** TASK INPUT follows **

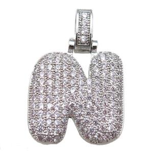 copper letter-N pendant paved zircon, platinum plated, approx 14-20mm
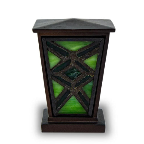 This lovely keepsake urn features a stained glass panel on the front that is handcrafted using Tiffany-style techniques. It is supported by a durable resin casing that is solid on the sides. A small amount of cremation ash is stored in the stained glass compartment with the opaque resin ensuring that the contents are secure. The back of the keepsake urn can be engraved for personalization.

** End of TASK INPUT **
** TASK INPUT follows **

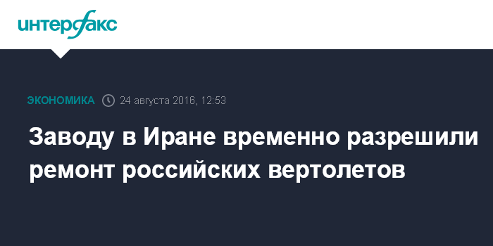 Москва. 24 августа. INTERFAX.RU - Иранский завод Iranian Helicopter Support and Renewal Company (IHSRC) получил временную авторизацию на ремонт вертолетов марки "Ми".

** End of TASK INPUT **
** TASK INPUT follows **

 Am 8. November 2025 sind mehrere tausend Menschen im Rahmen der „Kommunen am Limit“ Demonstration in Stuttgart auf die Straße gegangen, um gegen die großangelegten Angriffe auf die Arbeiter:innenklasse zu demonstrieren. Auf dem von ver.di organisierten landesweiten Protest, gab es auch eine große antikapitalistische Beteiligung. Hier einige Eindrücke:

** End of TASK INPUT **

● **PROBLEM DETAILS**:
Starting at the line containing "copper letter-N pendant" and stopping at the line containing "This lovely keepsake", output each line exactly as it appears above. Leave out the pictures.

● **RESPONSE TO THE TASK**:
 copper letter-N pendant paved zircon, platinum plated, approx 14-20mm
 This lovely keepsake urn features a stained glass panel on the front that is handcrafted using Tiffany-style techniques. It is supported by a durable resin casing that is solid on the sides. A small amount of cremation ash is stored in the stained glass compartment with the opaque resin ensuring that the contents are secure. The back of the keepsake urn can be engraved for personalization.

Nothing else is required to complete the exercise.